- French theatrical release poster
- French: Un divan à Tunis
- Directed by: Manele Labidi Labbé
- Screenplay by: Manele Labidi Labbé
- Produced by: Serge Hayat; Jean-Christophe Reymond;
- Starring: Golshifteh Farahani; Majd Mastoura;
- Cinematography: Laurent Brunet
- Edited by: Yorgos Lamprinos
- Music by: Flemming Nordkrog
- Production companies: Kazak Productions; Arte France Cinéma;
- Distributed by: Diaphana Distribution (France); Hakka Distribution (Tunisia);
- Release dates: 4 September 2019 (Venice); 12 February 2020 (France); 26 February 2020 (Tunisia);
- Running time: 88 minutes
- Countries: France Tunisia
- Languages: Arabic French
- Budget: €1.990.000; (≃$2.4 million);
- Box office: $3.7 million

= Arab Blues =

2019 film

Arab Blues (أريكة في تونس, Un divan à Tunis) is a 2019 French-Tunisian comedy film written and directed by Manele Labidi Labbé, in her feature debut. Starring Golshifteh Farahani as Selma, it follows a psychoanalyst moving back to her native Tunisia.

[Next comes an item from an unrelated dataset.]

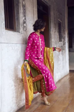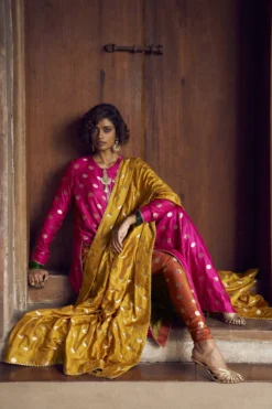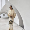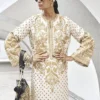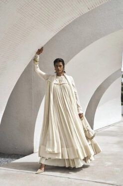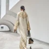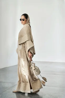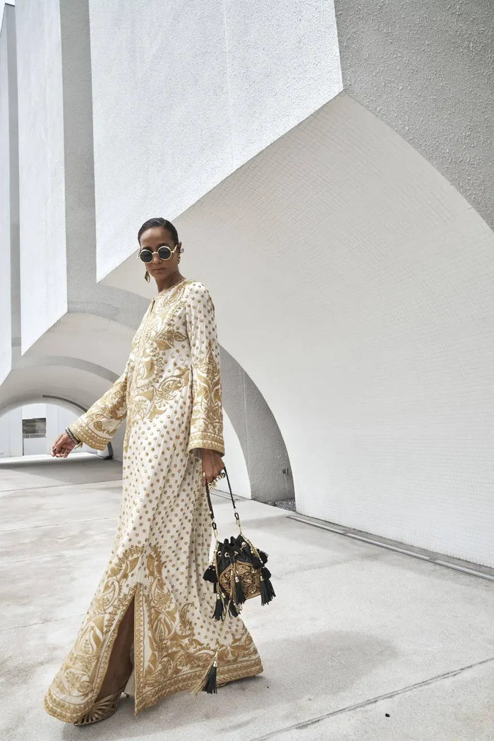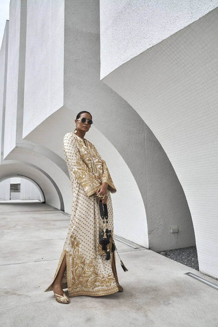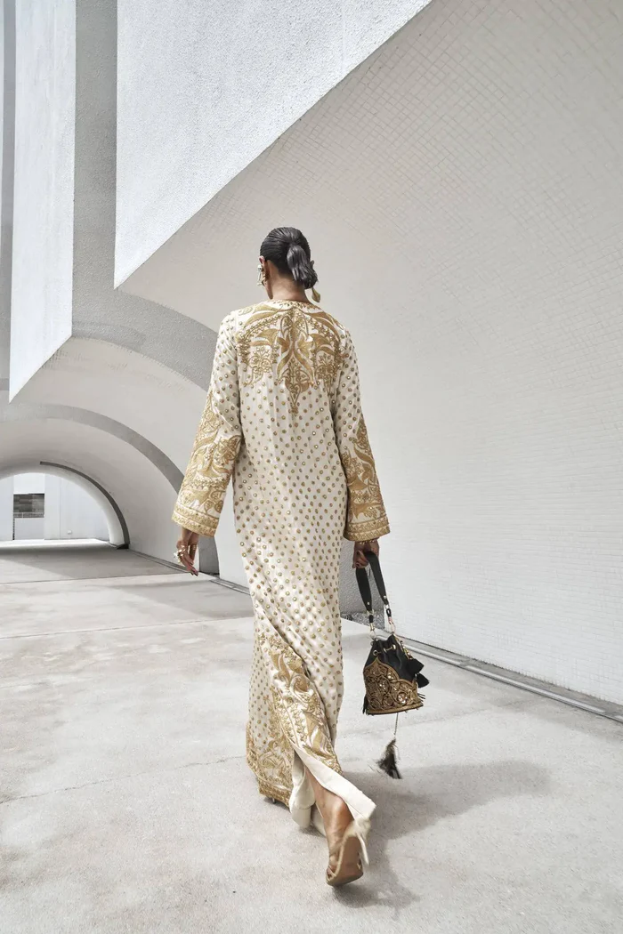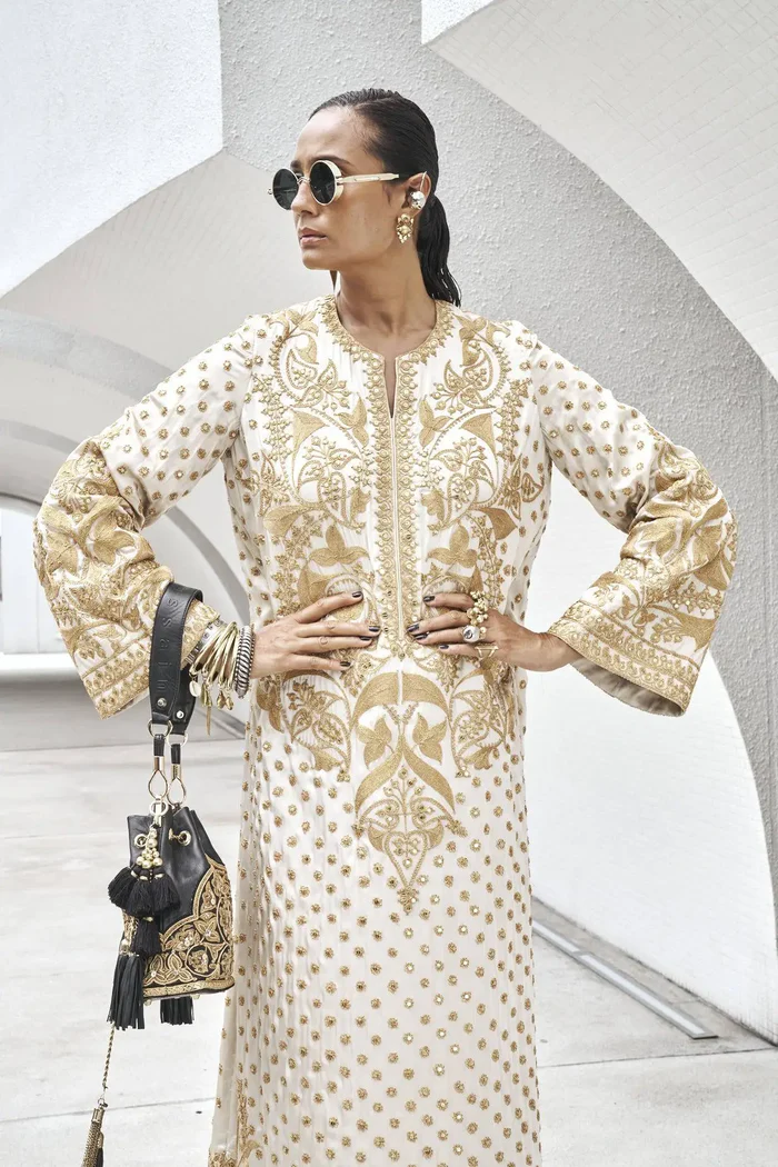 KAFTAN: Ivory pure silk floor length kaftan with side slits, all over golden dori and sequins work

The film had its world premiere in the Giornate degli Autori section of the 76th Venice International Film Festival on 4 September 2019. It was theatrically released in France on 12 February 2020 by Diaphana Distribution, and in Tunisia on 26 February by Hakka Distribution.

== Plot ==
The film is about a Tunisian psychoanalyst Selma who, after having been educated in Paris, moves back to Tunisia to open a psychoanalytic practice.

==Cast==
- Golshifteh Farahani as Selma
- Hichem Yacoubi as Raouf
- Moncef Anjegui as Mourad
- Majd Mastoura as Naim

==Release==
The film had its world premiere at the 76th Venice International Film Festival, during the Venice Days, on 4 September 2019. Its North American debut was in the Contemporary World Cinema section at the 2019 Toronto International Film Festival on 8 September 2019.

==Reception==
===Box office===
Arab Blues grossed $3.7 million worldwide, against a production budget of about $2.4 million.

===Critical response===
On French review aggregator AlloCiné, the film holds an average rating of 3.7 out of 5, based on 24 critics' reviews.